Desire Sampling and Reward Studying: On this part, the SFT mannequin is used to generate pairs of solutions (y1, y2) for given prompts x. These pairs are offered to human labelers who categorical a desire for one reply over the opposite, denoted as yw ≻ yl | x, the place yw is the popular and yl the dispreferred completion. The preferences are assumed to be generated by a latent reward mannequin r∗(y, x), which isn’t straight accessible. The Bradley-Terry (BT) mannequin is a well-liked selection for modeling these preferences, the place the human desire distribution p∗ is outlined as:
A reward mannequin rϕ(x, y) is then parameterized and estimated through most chance from a dataset of comparisons D, with the detrimental log-likelihood loss given by:
the place σ is the logistic operate.
RL Tremendous-Tuning Section: The realized reward operate is used to supply suggestions to the language mannequin on this part. The optimization drawback formulated is:
the place β is a parameter controlling the deviation from the bottom reference coverage πref, which is the preliminary SFT mannequin. This constraint prevents the mannequin from deviating too removed from the distribution on which the reward mannequin is correct, sustaining era range and stopping mode-collapse. The optimization is usually carried out utilizing reinforcement studying, particularly Proximal Coverage Optimization (PPO).
DPO works by straight mapping preferences to coverage optimization with out the necessity for an specific reward mannequin.

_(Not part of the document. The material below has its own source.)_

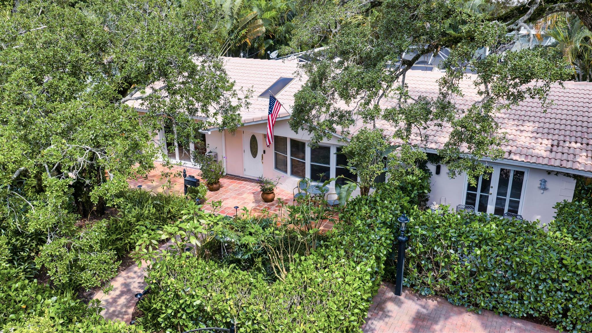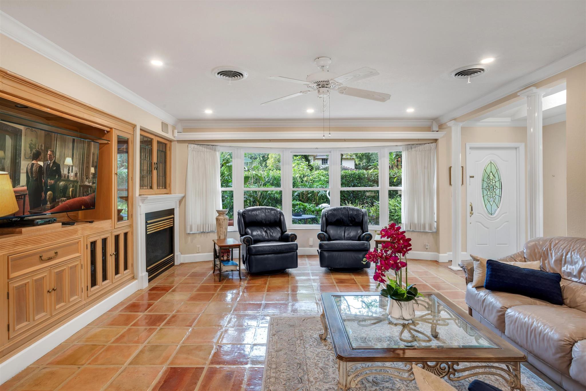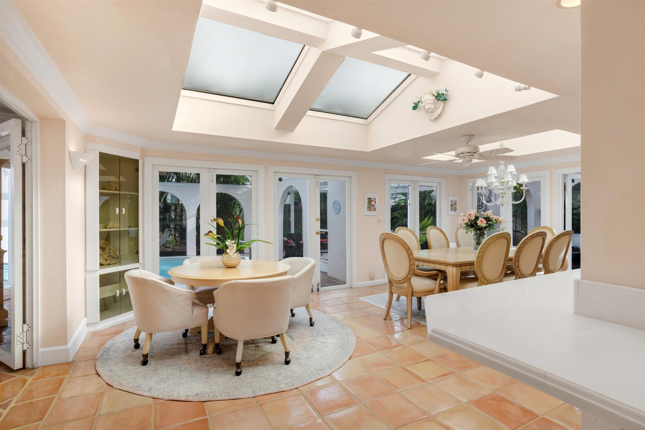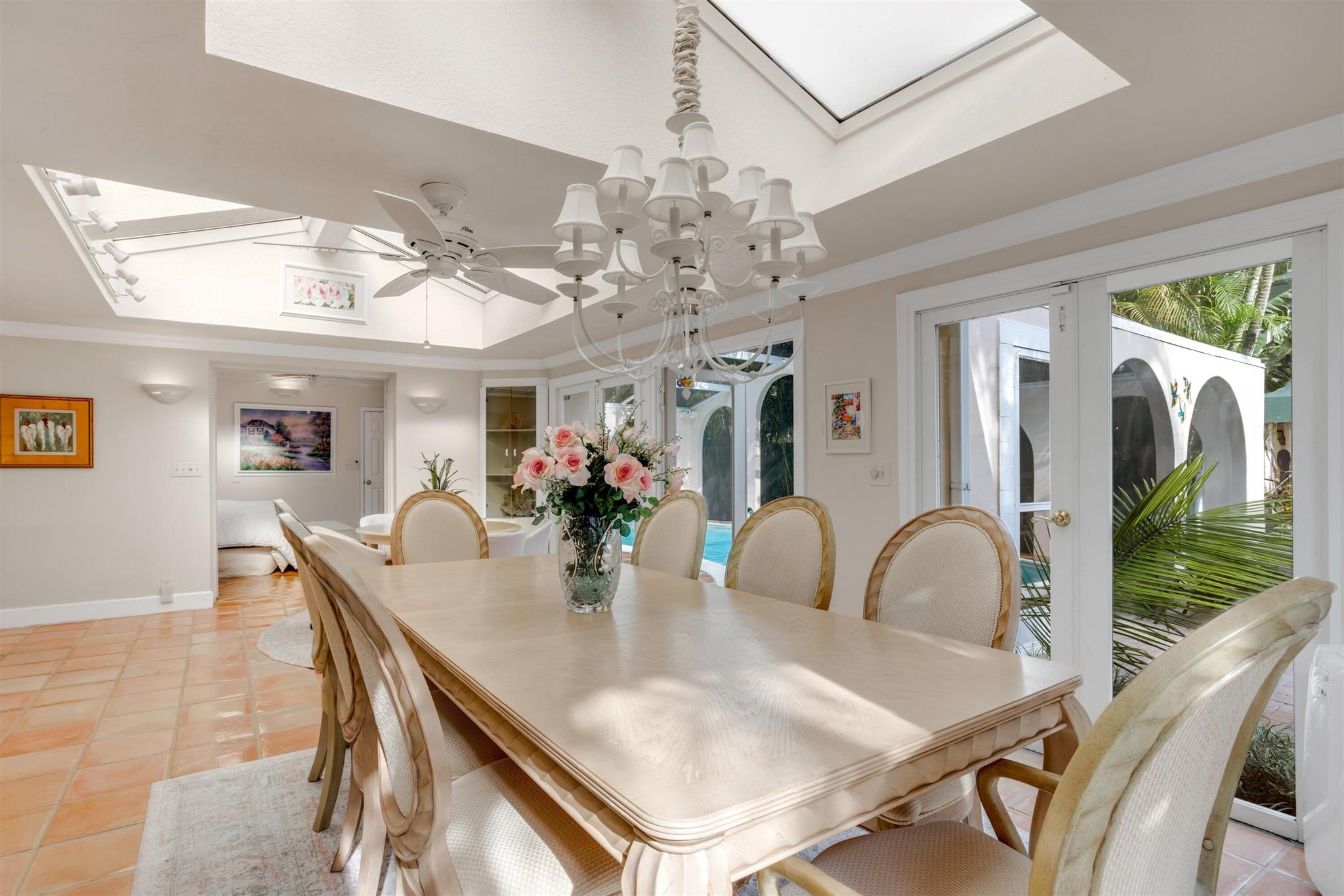 In an exquisite setting and radiating the charm of its era, this beautifully maintained residence is ideal for embracing South Florida's coveted lifestyle. With three bedrooms and 2,408+/- total square feet, its well-conceived floor plan was designed to optimize garden and pool views, seamlessly blending indoor and outdoor spaces. Details throughout include skylights making the interiors light and bright, custom built-in cabinetry, handsome moldings and clay-tile flooring. In the living room, a bay window overlooks the front gardens, while a fireplace adds a welcoming cordiality. The dining area comprises two areas, both defined by skylights and featuring French doors accessing the pool terrace. Just adjacent, the kitchen is fitted with cerused-wood cabinetry, mirrored backsplashes and a p
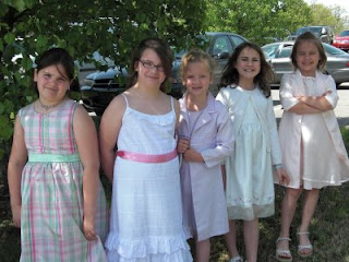 The girls in their Easter dresses just before church on Easter morning. From left to right, Kaylee, Savannah, Ava, Anna, and Katie.

That is achieved via a intelligent mathematical trick that reparameterizes the reward operate when it comes to the coverage itself. Right here’s a breakdown of the arithmetic concerned:
The strategy begins with a basic reinforcement studying goal, which goals to seek out an optimum coverage that maximizes rewards topic to a constraint on the divergence from a reference coverage. That is represented mathematically as:
the place (Z(x)) is a normalization issue referred to as the partition operate
pi_ref is the reference coverage, and (r(x, y)) is the reward operate.
Reparameterization: As an alternative of straight optimizing this reward operate, DPO reparameterizes the reward when it comes to the coverage. That is achieved by taking the logarithm of each side of the equation and rearranging it, leading to:
This reparameterization permits the optimization to be achieved straight on the coverage reasonably than the reward operate.
Desire Modeling: DPO makes use of fashions of human preferences, such because the Bradley-Terry mannequin, to precise the chance of 1 completion being most popular over one other when it comes to the optimum coverage and the reference coverage. This successfully transforms the issue into optimizing the coverage to match human preferences.
Optimization Goal: The optimization goal in DPO is to maximise the chance of the coverage given the preferences. That is represented as:
Gradient Replace: The replace rule for optimizing the coverage will increase the chance of most popular completions and reduces the chance of much less most popular ones, weighted by how a lot the implicit reward mannequin charges the unpreferred completions.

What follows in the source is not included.